Inclusion of granular ubiquitin or a selective autophagy substrate p62 in autophagosomes of cells can be used to detect the breakdown of autophagic vesicles.²⁶ Increase in ubiquitin and p62 in autophagosomes suggests a failed breakdown of autophagosomes. As shown in Figure 1G and H, compared with CD38^+/+ CAMs, CD38^−/− CAMs exhibited much more yellow puncta (insert of each image), suggesting that more ubiquitin and p62 proteins were accumulated in autophagosomes, in particular, when cells were stimulated by 7-Ket or RPM. These results further indicate that reduced autophagolysosome formation in CD38^−/− CAMs, resulting in an impaired breakdown process of autophagic vesicles and accumulation of autophagosomes.

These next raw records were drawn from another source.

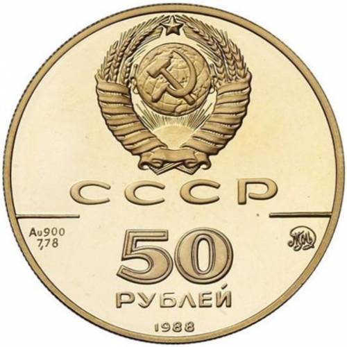 Сверху герб СССР с 15 витками ленты, под ним буквы «СССР», ниже слева и справа черта, под чертой слева химическое обозначение «Au» и проба «900» металла из которого сделана монета, под ними чистый вес драгоценного металла «7,78», под чертой справа монограмма монетного двора «ММД», ниже обозначение достоинства монеты цифра «50» и ниже слово «РУБЛЕЙ», внизу у канта год выпуска монеты «1988».
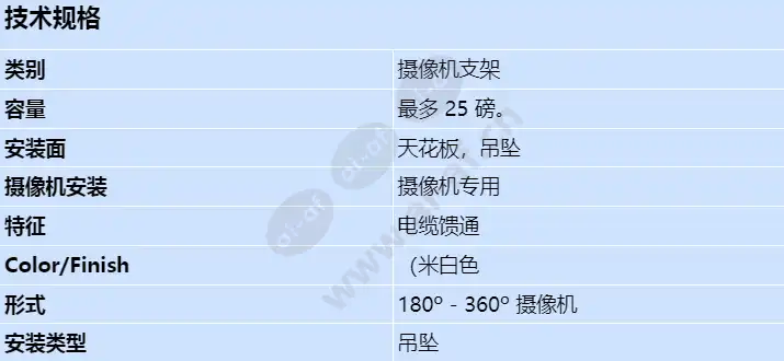 博世的 VDA-70112-PMT 是用于 FLEXIDOME IP 全景 7000 系列摄像机的吊装支架。 类别 摄像机支架 容量 最多 25 磅。 安装面 天花板,吊坠 摄像机安装 摄像机专用 Color/Finish (米白色 特征 电缆馈通 形式 180º - 360º 摄像机 安装类型 吊坠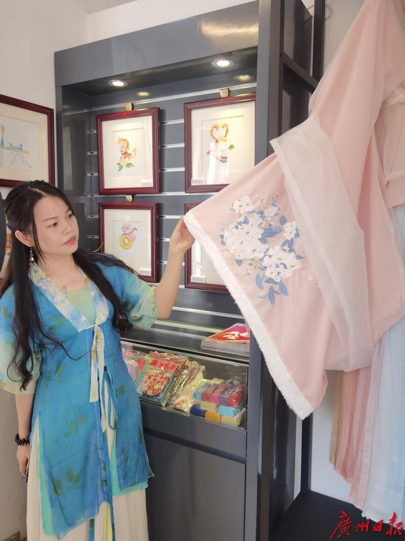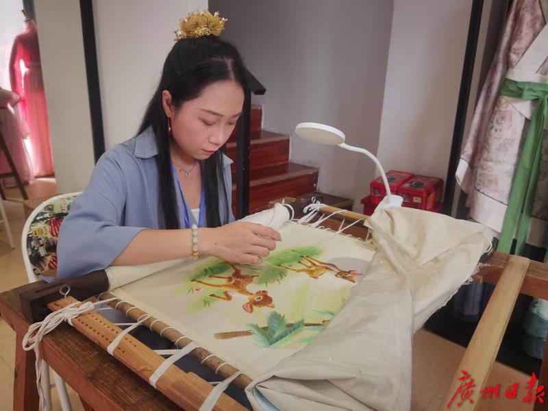 在广绣体验馆,非遗传承人陈少芳的孙女谭靖榆向记者亲自演示了广绣技艺。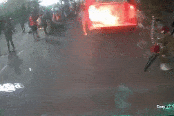Đoạn clip gây sốc cho thấy chiếc ô tô trượt trên đường, tông vào lề đường rồi bay lên không trung. Cuối cùng, nó dừng lại ở phía trước một trong những ngôi nhà. Sau đó, ba người tìm cách bước ra khỏi chiếc xe ô tô.
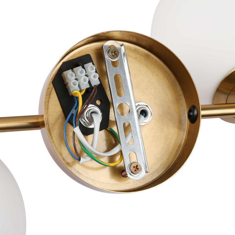 Posiada rozetę i aluminiową konstrukcję, na której umieszczono dwa kuliste klosze ze szkła opalowego o wysokiej przepuszczalności światła, zapewniające jasne i jednorodne oświetlenie.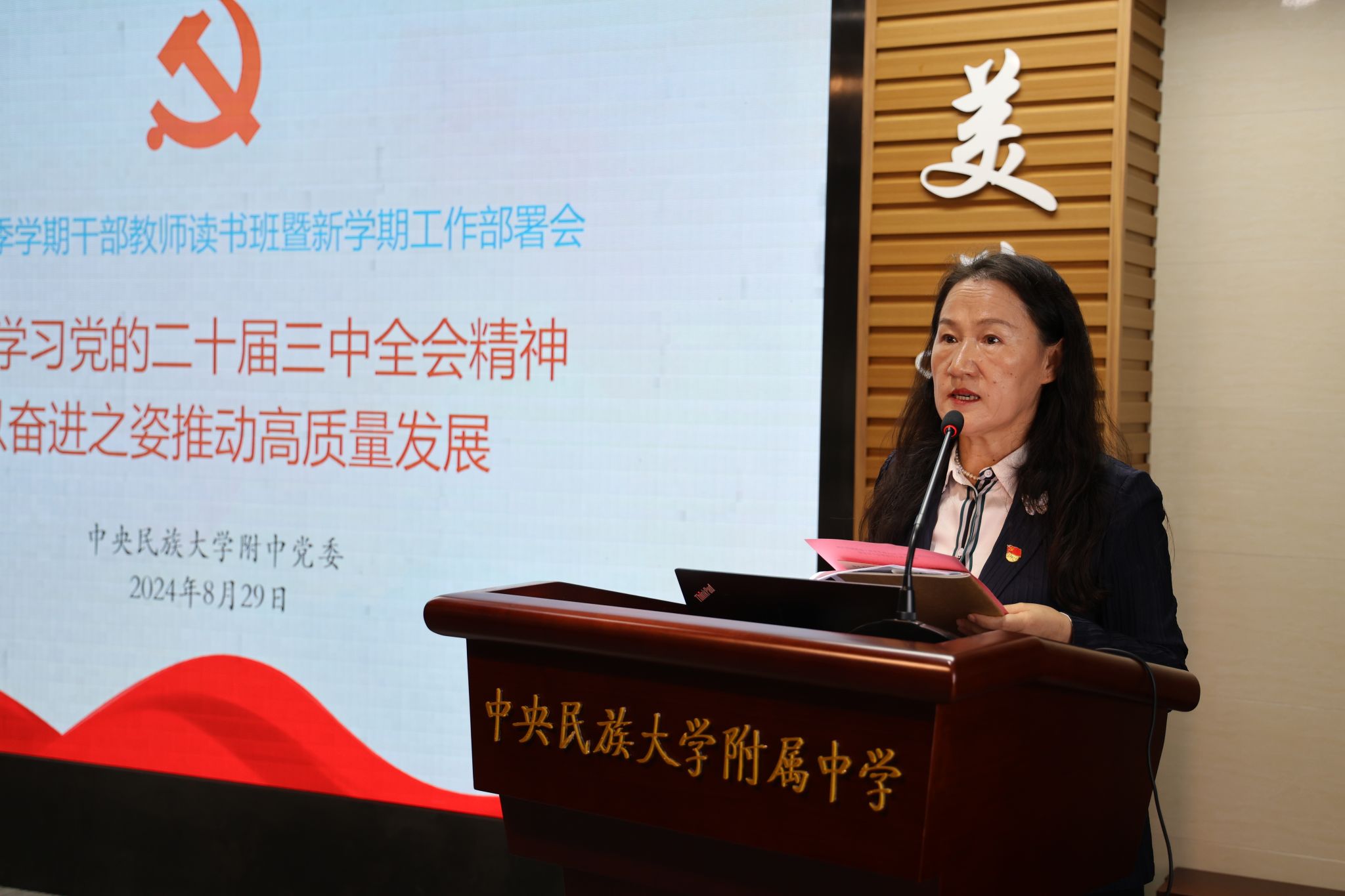 本次干部教师读书班暨新学期工作部署会以“深入学习党的二十届三中全会精神 以奋进之姿推动高质量发展”为主题,结合学校各项工作实际,通过专题报告、工作汇报等方式,加强思想引领、智慧启迪、方向指引、方法指导,全体干部凝聚了共识,明确了学校新学期重点工作内容,为开学后各项工作顺利开展奠定了坚实的基础。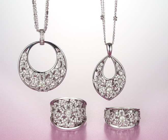 さくらダイヤモンド紹介② 2018年1月19日 by ijima さくらダイヤモンドから「八重桜シリーズ」ボリュームゾーンのデザインですが、透かし細工になっていますので、繊細でエレガント感を保っています。ペンダントは少し長めのチェーンでラフにお使いいただきたい。リングは、お着物にも似合うので、訪問着におしとやかに合わせていただきたいです。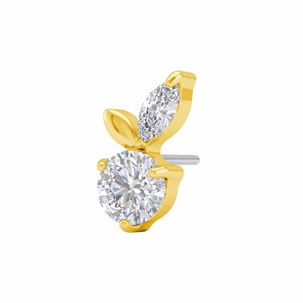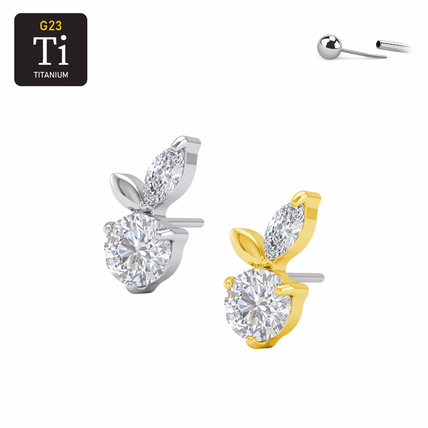 Threadless topp i Titanium. Den färgade varianten är PVD-pläterad. Format som ett bär med rund cz samt löv i navettslipad cz.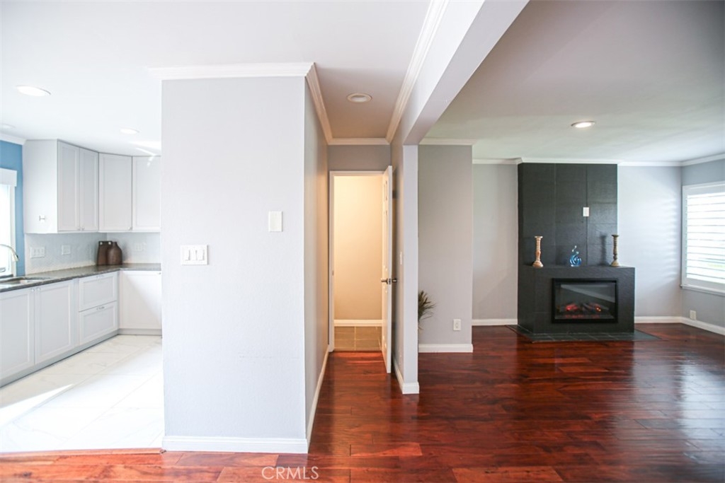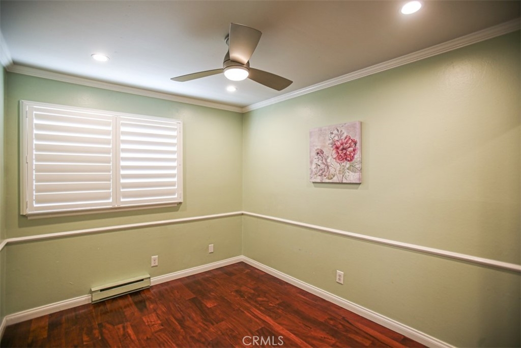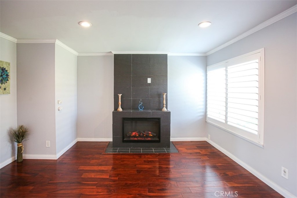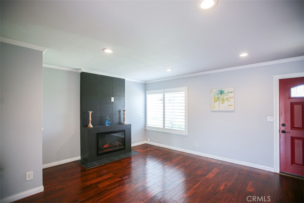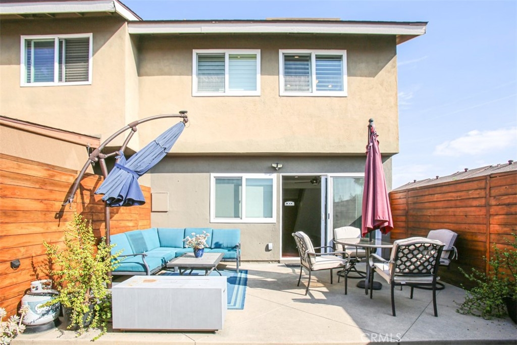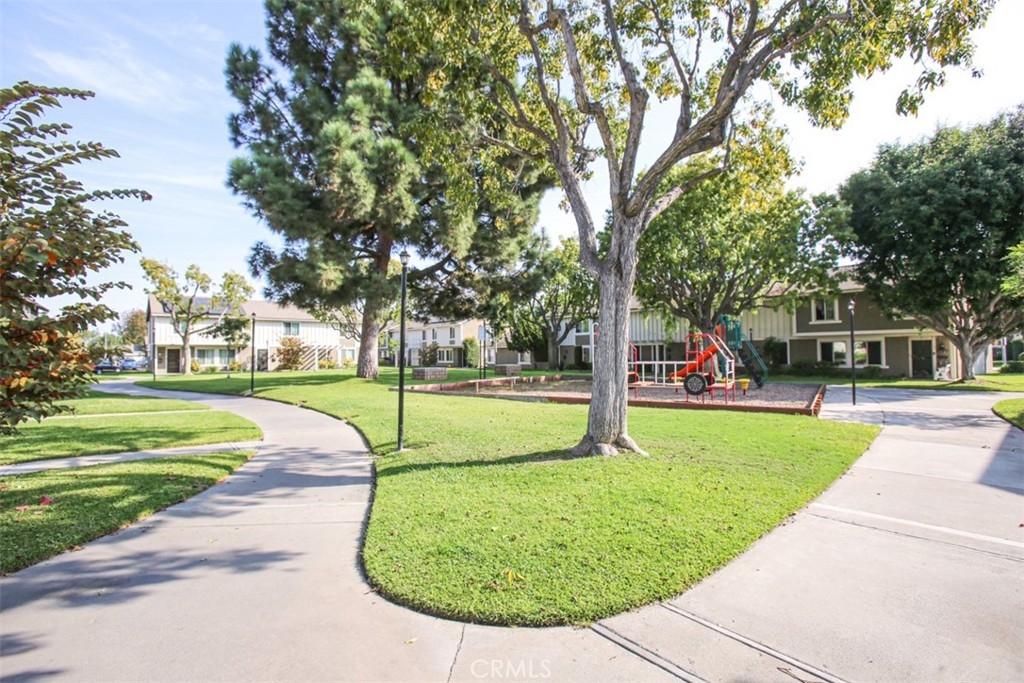 Turnkey Corner unit! Bradford place community Townhome, 3 bedrooms, 1.5 bathrooms, detached 2 car garage. Inside featuring laminate wood floors, plantation shutters, recessed lighting, built in electric fireplace, upgraded dual pane windows. First floor features a half bath, dining area, and remodeled kitchen. Sliding door access to spacious back patio area. All 3 bedrooms upstairs, remodeled bathroom, laminated wood floors. The Bradford Place community offers resort-style amenities, including a sparkling association pool, inviting clubhouse, and a fun-filled kids' playground. Best of all, enjoy the peace of mind and educational excellence of the award-winning Garden Grove Unified School District.

3.3. Decreased formation of autophagolysosomes in CD38^−/− CAMs

Next, the formation of autophagolysosomes was analysed by flow cytometry studies on cells that were labelled with acridine orange, which accumulates in lysosomes with red fluorescence and shows green fluorescence in the cytoplasm and the nucleus.²⁶ Figure 2A shows that CD38^+/+ CAMs treated with 7-Ket or RPM shifted up to the area with high-red fluorescence intensity, which was inhibited in CD38^−/− CAMs. The quantification of the data shows that 7-Ket or RPM significantly increased the red-to-green fluorescence ratio, indicating the formation of autophagolysosomes (Figure 2B). Further, gene silencing of Atg7, an essential protein for autophagy induction,³⁹ completely abolished 7-Ket or RPM-induced increases in the red-to-green fluorescence ratio, suggesting that these ratio increases by 7-Ket or RPM are indeed due to increased formation of autophagolysosomes (Figure 2C). However, CD38^−/− cells failed to respond with the formation of autophagolysosomes upon treatment with 7-Ket or RPM, indicating that CD38 function is required for the formation of autophagolysosomes (Figure 2B). Lastly, increased lysosome biogenesis in CAMs may also enhance lysosomal accumulation of acridine orange and increase the red-to-green fluorescence ratio. However, no difference in protein expression in Lamp1, a lysosome marker, was found between CD38^+/+ and CD38^−/− CAMs under control condition or with 7-Ket or RPM stimulation (data not shown), which suggests that CD38 is not involved in lysosome biogenesis.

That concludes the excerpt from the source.